Across the rest of the developed world. Most coal generators are slated to be shut by 2030, which is when the International Energy Agency says we should be out of thermal coal if there's to be any hope of meeting the target of keeping global warming to 1.5 degrees. 

 

MIKE:
So it's very difficult for the companies and particularly so for AGL, which is probably the most exposed of all the energy generators in Australia simply because it has this legacy load of so much coal fired power.
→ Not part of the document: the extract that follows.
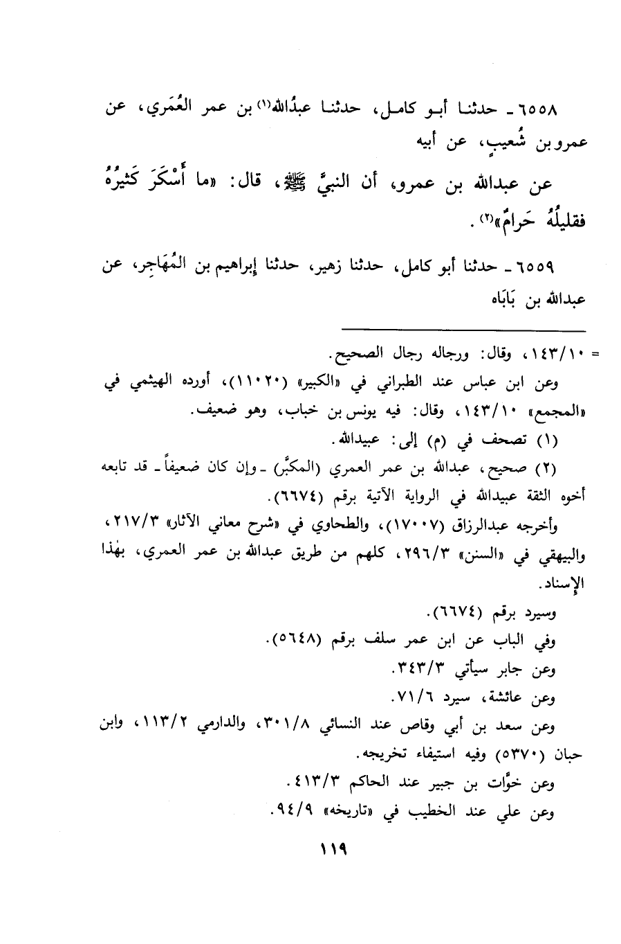 ٦٥٥٨ - حَدَّثَنَا أَبُو كَامِلٍ، حَدَّثَنَا عبدُ اللهِ (١) بْنُ عُمَرَ الْعُمَرِيُّ، عَنْ عَمْرِو بْنِ شُعَيْبٍ، عَنْ أَبِيهِ، عَنْ عَبْدِ اللهِ بْنِ عَمْرٍو، أَنَّ النَّبِيَّ صَلَّى اللهُ عَلَيْهِ وَسَلَّمَ قَالَ: " مَا أَسْكَرَ كَثِيرُهُ، فَقَلِيلُهُ حَرَامٌ " (٢)

To parrot Josh Frydenberg, boards are ultimately responsible, but there's no doubt that AGL was under enormous political pressure and that the changes that Vesey had in mind were substantially kiboshed by political intervention. 

 

BETH:
Mike thanks so much for your time.

 

MIKE:
Thank you very much for having me. 

[Advertisement]

[Theme Music Starts]

BETH:
Also in the news today..

Archival tape -- [Lygon Street Crowds Cheering]

 

BETH:
There were joyful scenes across Australia yesterday, as supporters of the Italian national soccer team turned out in droves to celebrate the country’s victory in the European Championship.

Archival tape -- Lygon Street Crowds:

“Italia! Italia!” 

BETH:
Lygon Street in Melbourne was packed with thousands of fans cheering Italy’s win over England, which came down to a penalty shootout.

  
Archival tape -- [
Lygon Street Crowds Cheering]

 

BETH:
And in New South Wales, Premier Gladys Berejiklian in a press conference on Monday was unable to say when Greater Sydney’s extended lockdown would end.

The state recorded 112 new cases yesterday, the highest daily total yet in the current outbreak.

 

I’m Beth Atkinson-Quinton, this is 7am. I’ll see ya tomorrow.